Más de 35 millones de ejemplares vendidos avalan ‘Tus zonas erróneas’ como uno de los grandes hitos de la literatura de autoayuda de todos los tiempos. Alabada y criticada a partes iguales, examinamos la obra al hilo de su reedición 50 años después. ¿En qué acertó y en qué se equivocó su polémico autor, Wayne W. Dyer?

Una edición de los años 80 y la actual de Diana de ‘Tus zonas erróneas’

Mi biblioteca guarda un ejemplar de una de las primeras ediciones en español de Tus zonas erróneas, de Wayne W. Dyer. Lleva años bastante perjudicada, lo confieso, con la cubierta desvencijada, ha hecho conmigo todos los kilómetros, que han sido muchos, de mis mudanzas desde entonces. Se trata no obstante de un libro muy especial para mí. La persona que me lo prestó (y a quien evidentemente no se lo devolví) llenó sus márgenes de dibujitos ilustrativos de lo que se contaba en cada página. Así que, de alguna forma, tengo una edición coleccionista del libro que inventó la autoayuda moderna y que, con los años, acabaría vendiendo más de 35 millones de ejemplares y convenciendo a sus propietarios de que la solución a sus mayores problemas… estaba entre sus manos.

Editorial Diana lo acaba de reeditar con motivo de su cincuentenario, tal cual se hizo en 1976, sin ninguna introducción que lo ponga en contexto o lo someta a un enfrentamiento con lo que la psicología piensa hoy de los problemas que abordó Dyer en su obra original.

Pero el caso es que el mundo ha cambiado mucho desde entonces, y la psicología con él. Muchas de las ideas de Dyer están superadas, y prácticamente descartadas del menú metodológico de una disciplina más en auge que nunca. Muchas, pero no todas.

En 1976, Wayne W. Dyer sostuvo en Tus zonas erróneas una idea que vertebra prácticamente todo el libro: buena parte de nuestro sufrimiento procede de maneras de pensar que podemos aprender a modificar. Cincuenta años después, palabras como autoestima, validación, culpa, rumiación, gestión emocional o poner límites forman parte del vocabulario cotidiano. Dyer hablaba de algunas de ellas antes de que tuvieran siquiera esos nombres fuera de la consulta del psicólogo. Hay intuiciones en el libro que han envejecido bien. Otras que la ciencia posterior ha obligado a matizar. Y también hay un error que atraviesa buena parte de la obra, como se explicará después en este artículo.

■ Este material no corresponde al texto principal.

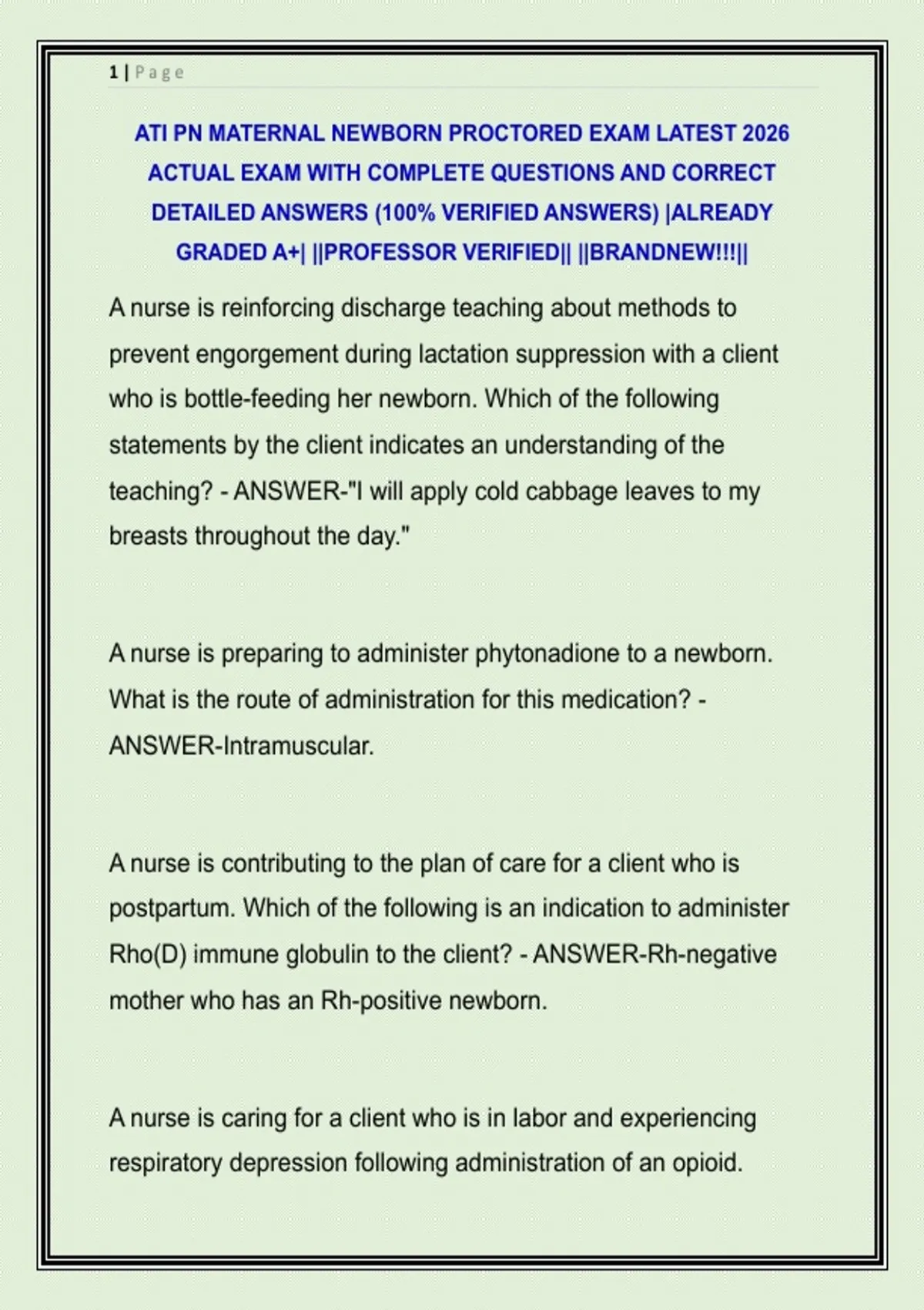 ATI PN MATERNAL NEWBORN PROCTORED EXAM LATEST 2026
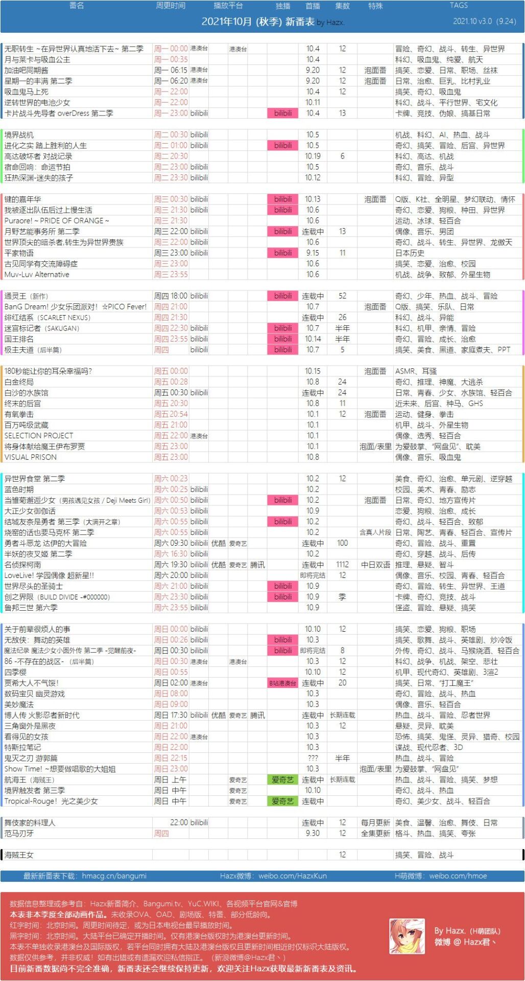【新番速递】2021年10月新番首播时间及播放平台表

El profesor que terminó vendiendo libros desde su coche

Antes de nada, contexto. Wayne Walter Dyer no empezó siendo un gurú. Nació en Detroit en 1940 y su padre, Melvin Lyle Dyer, abandonó a la familia cuando él era pequeño. Su madre tuvo dificultades para mantener sola a sus tres hijos y Wayne pasó parte de su infancia en orfanatos y hogares de acogida. Después de servir en la Marina, estudió orientación psicológica, se doctoró en la Wayne State University y trabajó como orientador escolar antes de incorporarse como profesor a St. John’s University, en Nueva York.

Fue allí donde empezó a hablar a sus alumnos de algunas de las cuestiones que acabarían forjandoTus zonas erróneas: la culpa, la preocupación, la necesidad de aprobación, la autoestima o la tendencia a atribuir a otras personas la responsabilidad sobre nuestra propia vida. La originalidad de su propuesta atraía a sus clases a a muchos estudiantes, a tantos que el agente literario Arthur Pine le sugirió que transformara aquel material en un libro. Y eso hizo Dyer, aunque tiempo después contaría una historia diferente sobre el origen de la obra que lo convertiría en millonario.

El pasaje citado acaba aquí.